Productive arguments shift from the blame-game to listening and question asking. You start working from the inside-out. Instead of identifying issues with your partner, you start looking at yourself.
Good questions to ask are “What is it we both want?”, “What about this argument upsets me and why?”, “If I am tense or shouting, what insecurity is causing me to feel defensive?”, “What am I worried about or scared of?”
When you have thoroughly searched yourself, you then start asking the same questions of your partner. Keep asking eachother questions until you both know what you actually want, then you can solve the issue together. Adopting this mindset is very powerful because it shifts thinking from “me versus you” to “us versus life” and opens up a lot of possibility.
Focus on listening instead of talking
When two people are in the heat of an argument, neither person is actually listening. They are both solely focused on defending themselves and blaming the other. The fastest way to stop this cycle is to actively show that you are listening.
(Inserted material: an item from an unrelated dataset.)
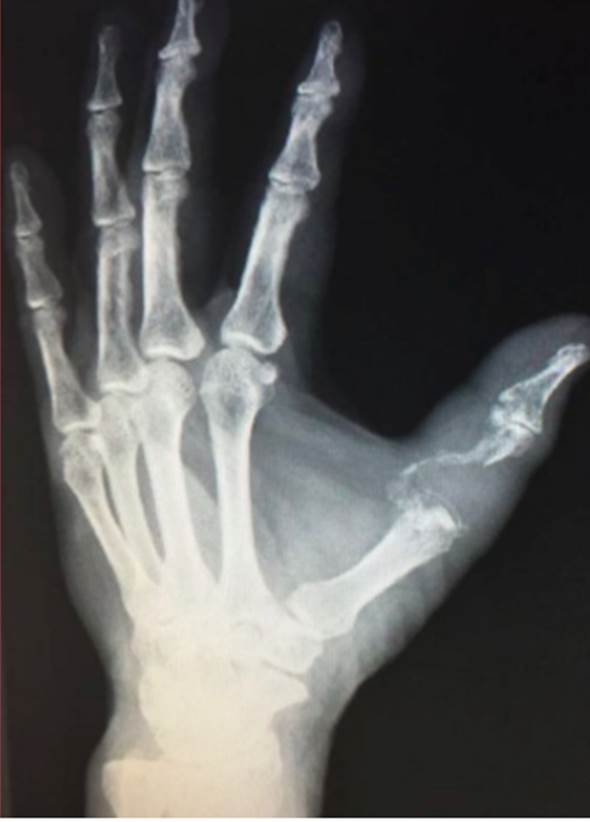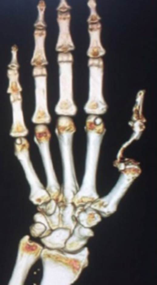 Paciente masculino de 64 años, originario y residente del estado de México, quien laboró en una planta termoeléctrica por 30 años. Antecedente de hipertensión arterial sistémica de 15 años, en tratamiento con amlodipino (5 mg/24 h por vía oral) y losartán (50 mg/12 h por vía oral); negó alergias y transfusiones; tabaquismo positivo desde los 15 años de edad (índice de 49) y alcoholismo desde los 20 años, de manera ocasional. Antecedentes quirúrgicos: colecistectomía abierta a los 46 años de edad y artroscopia en la rodilla derecha a los 52 años. Inició su padecimiento 12 meses antes de acudir al servicio médico, con dolor en el primer dedo de la mano izquierda; un mes previo a la consulta recibió tratamiento con diclofenaco (100 mg/12 h por vía oral) y paracetamol (500 mg/8 h por vía oral) por 14 días, sin lograr mejoría clínica, con persistencia del dolor y tratamiento intermitente. Acudió a revaloración en un hospital de segundo nivel, donde solicitaron estudios de laboratorios que reportaron: creatinina 1.7 mg/dL, examen general de orina con indicios de proteinuria, esterasa de leucocitos de aproximadamente 200, leucocitos 0-2 por campo y eritrocitos 70-80 por campo. Después de obtener la radiografía de mano izquierda (Figura 1) fue enviado al servicio de Traumatología y Ortopedia, quienes lo refirieron a la clínica de tumores óseos, donde llevaron a cabo estudios de laboratorios de control, con glucosa 78 mg/dL, creatinina 1.8 mg/dL, hemoglobina 14.6 g/dL, leucocitos 9.2 mil/mL, plaquetas 245 mil/mL, proteínas totales 6.8 g/dL, albumina 3.7 g/dL, ALT 19 UI/L, AST 23 UI/L, deshidrogenasa láctica 120 UI/L, fosfatasa alcalina 210 UI/L y calcio 10.2 mg/dL. Debido a los hallazgos tomográficos de la mano izquierda (Figura 2) se obtuvo una biopsia de la lesión y falange proximal, el reporte coincidió con carcinoma de células claras metastásico a descartar primario de riñón. El paciente ameritó la amputación del primer dedo de la mano izquierda. La tomografía abdominopélvica evidenció un tumor renal izquierdo T2b N0 M1, estadio clínico IV; el gammagrama óseo fue negativo para enfermedad ósea metastásica, por lo que se realizó nefrectomía radical izquierda, con hallazgos transoperatorios de riñón de 12 x 8 x 7 cm, 1 vena, 1 arteria, 1 uréter, sangrado de 700 cc, con resultado histopatológico de carcinoma de células renales variedad de células claras de 12 x 10 x 7 cm en el polo inferior, de alto grado Fuhrman 4, con patrón sólido, alveolar, acinar y papilar, con extensas áreas de necrosis, hemorragia, sin infiltración a la grasa perirrenal. Durante el seguimiento, a dos años del diagnóstico, el paciente permanece asintomático y la tomografía no reporta datos sugerentes de recurrencia local o a distancia.

The next time somebody is mad at you, try doing this:
Listen to what they are saying and repeat it back to them using different words.
Example: “So, it sounds like you feel unloved because we haven’t been together a lot this week.”
When they confirm you understood them correctly, validate their feelings.
Example: “It’s understandable that you’d feel neglected.”
Usually when you do this, you’ll see a huge shift in demeanor. The person who was enraged at you will suddenly be open, listening, and even apologetic. This is because you broke the cycle and they now feel heard and can now return the favor. This technique is amusing, because you can even know somebody is using it on you, and you’ll still feel better despite the fact they’re basically using a script.
So to summarize, the big difference between a good argument and a bad one is basically whether you are working together or against eachother to find a solution. When you can catch yourself in a bad argument and shift gears it’s pretty amazing. It allows for healthier relationships and more opportunity to grow. Try it and hopefully you’ll find it awesome too.